Data for review:
_ _ _ _ _

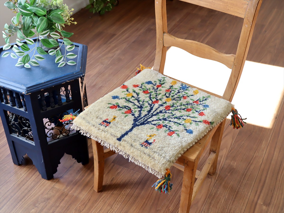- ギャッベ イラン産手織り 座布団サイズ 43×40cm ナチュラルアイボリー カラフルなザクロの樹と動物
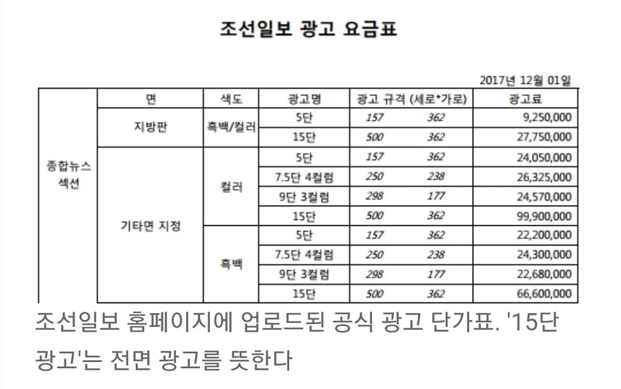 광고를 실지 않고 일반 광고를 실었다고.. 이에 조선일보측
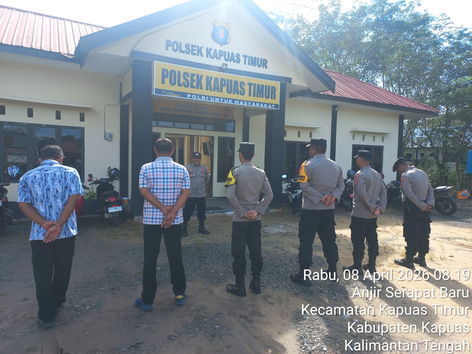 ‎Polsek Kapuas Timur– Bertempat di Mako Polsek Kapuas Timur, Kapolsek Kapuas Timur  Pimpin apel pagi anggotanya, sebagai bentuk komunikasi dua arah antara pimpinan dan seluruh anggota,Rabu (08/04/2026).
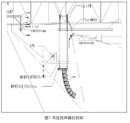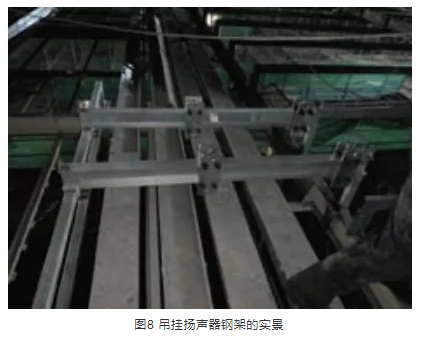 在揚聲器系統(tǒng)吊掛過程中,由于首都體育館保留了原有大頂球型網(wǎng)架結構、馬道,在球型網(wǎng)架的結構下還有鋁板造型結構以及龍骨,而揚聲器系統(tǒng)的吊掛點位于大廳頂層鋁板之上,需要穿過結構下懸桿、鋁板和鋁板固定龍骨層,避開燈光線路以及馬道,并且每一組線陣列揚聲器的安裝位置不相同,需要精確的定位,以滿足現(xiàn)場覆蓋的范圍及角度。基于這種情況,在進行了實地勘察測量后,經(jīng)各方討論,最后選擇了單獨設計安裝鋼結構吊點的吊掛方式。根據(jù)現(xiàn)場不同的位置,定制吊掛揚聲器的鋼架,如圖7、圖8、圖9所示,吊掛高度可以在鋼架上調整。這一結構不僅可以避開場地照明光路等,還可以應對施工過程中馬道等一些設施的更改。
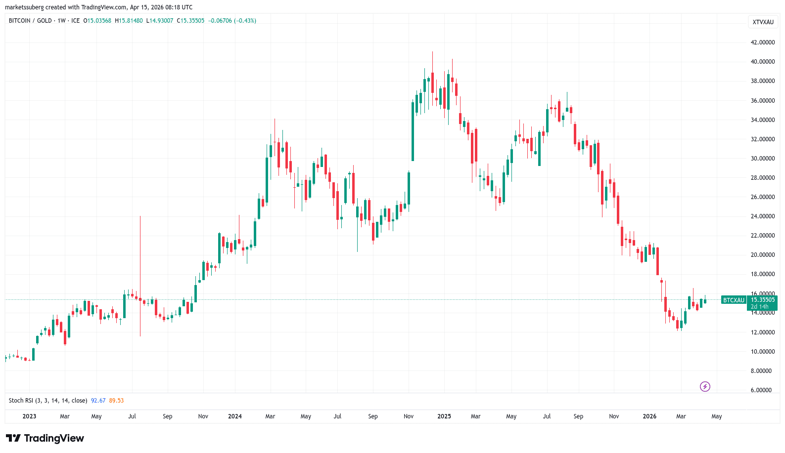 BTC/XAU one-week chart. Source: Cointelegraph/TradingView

_ _ _ _ _

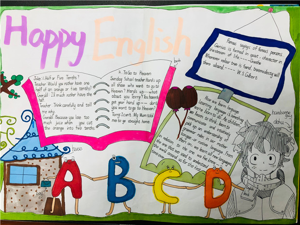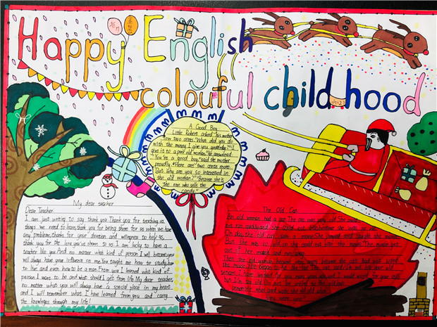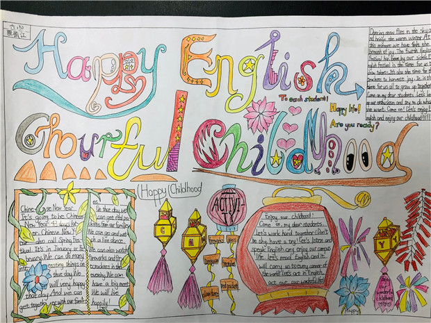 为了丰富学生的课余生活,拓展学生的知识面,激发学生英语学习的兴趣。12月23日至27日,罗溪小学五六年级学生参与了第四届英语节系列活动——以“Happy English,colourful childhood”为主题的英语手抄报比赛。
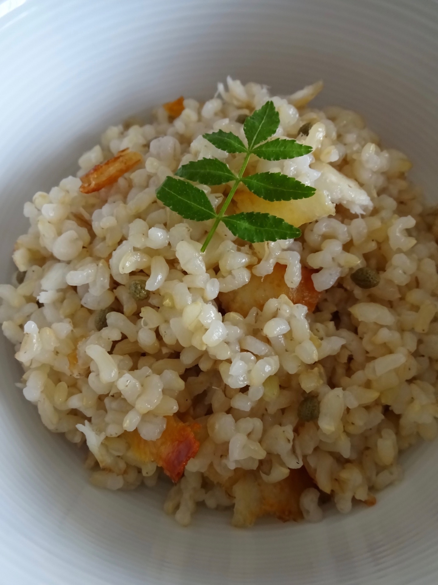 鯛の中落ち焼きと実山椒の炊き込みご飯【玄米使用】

_ _ _ _ _

What is expected: The lines to copy exactly start with the line above that has "- ギャッベ イラン産手織り" and go on through the line that has "seluruh anggota,Rabu (08/04/2026)."; please include both, add nothing else, and omit the pictures.

Answer area:
- ギャッベ イラン産手織り 座布団サイズ 43×40cm ナチュラルアイボリー カラフルなザクロの樹と動物
 광고를 실지 않고 일반 광고를 실었다고.. 이에 조선일보측
 ‎Polsek Kapuas Timur– Bertempat di Mako Polsek Kapuas Timur, Kapolsek Kapuas Timur  Pimpin apel pagi anggotanya, sebagai bentuk komunikasi dua arah antara pimpinan dan seluruh anggota,Rabu (08/04/2026).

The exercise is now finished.